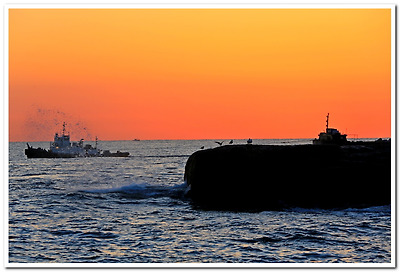 갈매기들도 뜨는 해를 맞으려는 듯이 넓은 바위에서 부지런히 날개짓을 한다.
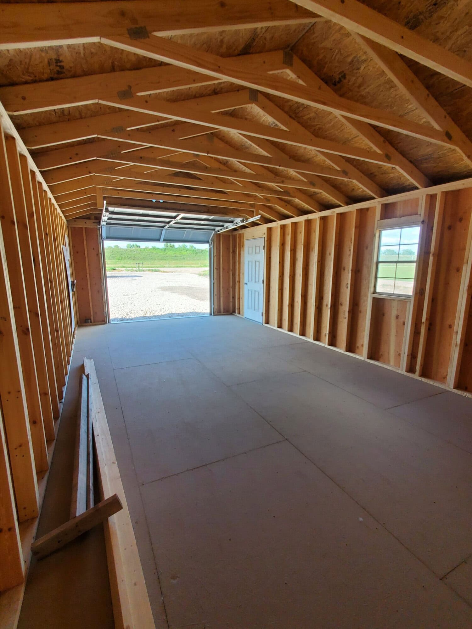 - 12′ wide and wider are complete with a quality paneled 9’x7′ door.
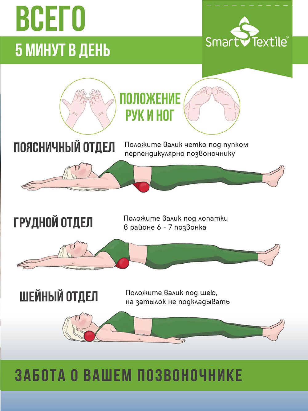 Анатомические подушки в форме валика – незаменимые принадлежности для полноценного отдыха. Оказывают поддержку позвоночника в шейном отделе и в области поясницы. Валик, расположенный под коленями или стопами, способствует снятию напряжения с уставших мышц ног. Поддержание позвоночника в правильном положении в области шеи во время отдыха обеспечивает профилактическое воздействие на заболевания шейно-воротниковой зоны, такие как шейный остеохондроз. Поддержка естественных изгибов позвоночника, а также коленных и голеностопных суставов, способствует снятию напряжения, расслаблению мышц, уменьшению болевых ощущений, улучшению качества отдыха.
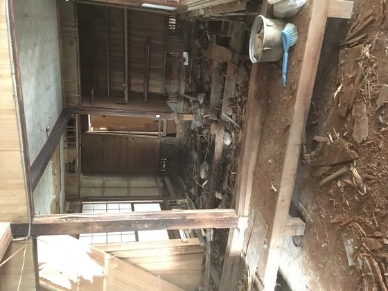 二階は必要のない奥の方は取り払い、屋根の雨漏りを直し、床の抜けたところを修繕すればだいたい使えるようになりそうです。

● **Assignment**
Leave out the pictures, and retype exactly the lines from the one containing "- 12′ wide and" through the last line of the data above, no more and no less.

● **Task output**
 - 12′ wide and wider are complete with a quality paneled 9’x7′ door.
 Анатомические подушки в форме валика – незаменимые принадлежности для полноценного отдыха. Оказывают поддержку позвоночника в шейном отделе и в области поясницы. Валик, расположенный под коленями или стопами, способствует снятию напряжения с уставших мышц ног. Поддержание позвоночника в правильном положении в области шеи во время отдыха обеспечивает профилактическое воздействие на заболевания шейно-воротниковой зоны, такие как шейный остеохондроз. Поддержка естественных изгибов позвоночника, а также коленных и голеностопных суставов, способствует снятию напряжения, расслаблению мышц, уменьшению болевых ощущений, улучшению качества отдыха.
 二階は必要のない奥の方は取り払い、屋根の雨漏りを直し、床の抜けたところを修繕すればだいたい使えるようになりそうです。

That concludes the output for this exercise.